TASK INSTRUCTIONS ->
The range runs from the line containing "裏面に実施日カレンダーがあります" to the last line of the entries. Restate those lines word for word, without the pictures.

PROVIDED RECORDS ->

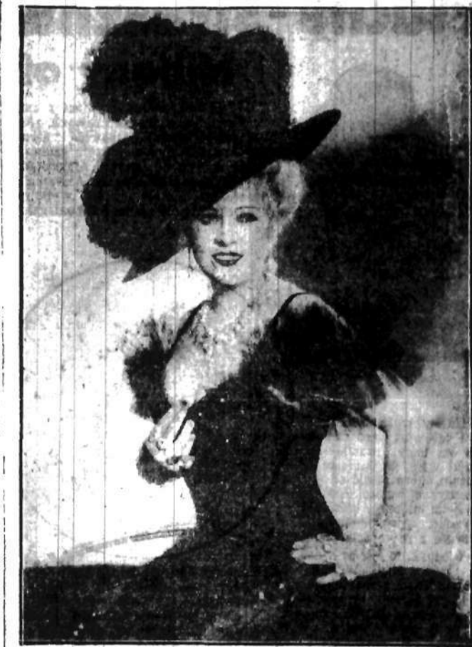
Niech żyją tegiel! Niech żyją „prawdziwi” kobiety! Pod takim hasłem wywołała popularna gwiazda filmowa Mae West rewolucję wśród płci pięknej...
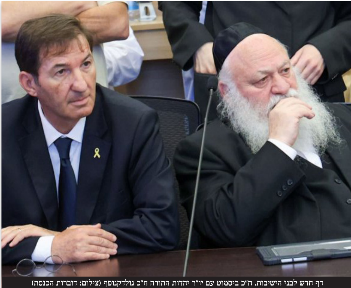
דף חדש לבני הישיבות. ח"כ ביסמוט עם יו"ר יהדות התורה ח"כ גולדקנופף

מושב החורף של הכנסת נפתח בשבוע האחרון וסוגיית הסדרת מעמדם של תלמידי הישיבות שוב עולה על סדר היום ומאיימת על שלימות הממשלה בתקופה מאתגרת. בעוד שבמפלגות החרדיות, יש מי שמחפשים פתח שדרכו יוכלו לשוב לממשלה, יו"ר ועדת החוץ והביטחון ח"כ בועז ביסמוט צפוי בקרוב להציג את הנוסח שלו לחוק הגיוס, שלמעשה יסדיר את מעמד בני הישיבות.
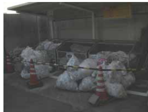
こんなにたくさんのゴミが集まりました！1時間くらいの清掃でこれだけ集まるとはスゴイ！！

「早朝から汗をかきながら街がきれいになっていく様子を実感することができたので、参加してよかったです。」 「ゴミ箱のある付近には特にゴミがあふれていていましたが、みんなで片づけてきれいになり、気持ちいい汗をかきました。」
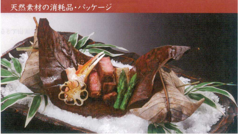
天然素材の消耗品・パッケージ
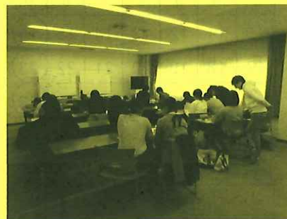
裏面に実施日カレンダーがあります
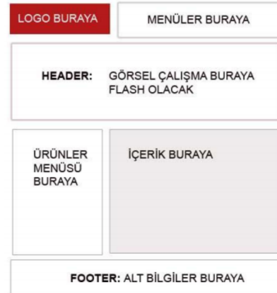
Şekil 1.2: Bilgisayar ortamında tasarım çalışması
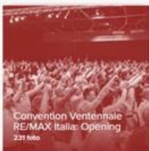
Convention Ventennale RE/MAX Italia: Opening 231 foto
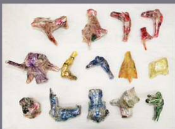
テ オブジェ 奈良朋紀
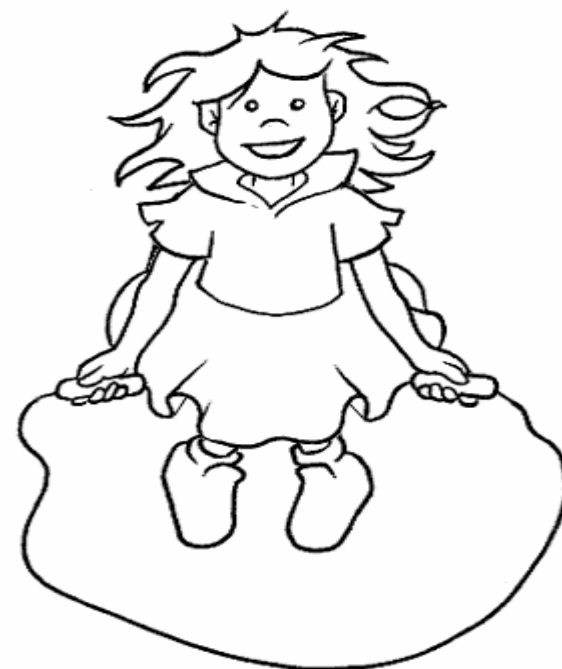
Adivinanza número 3

RESULT OF THE TASK ->
裏面に実施日カレンダーがあります
Şekil 1.2: Bilgisayar ortamında tasarım çalışması
Convention Ventennale RE/MAX Italia: Opening 231 foto
テ オブジェ 奈良朋紀
Adivinanza número 3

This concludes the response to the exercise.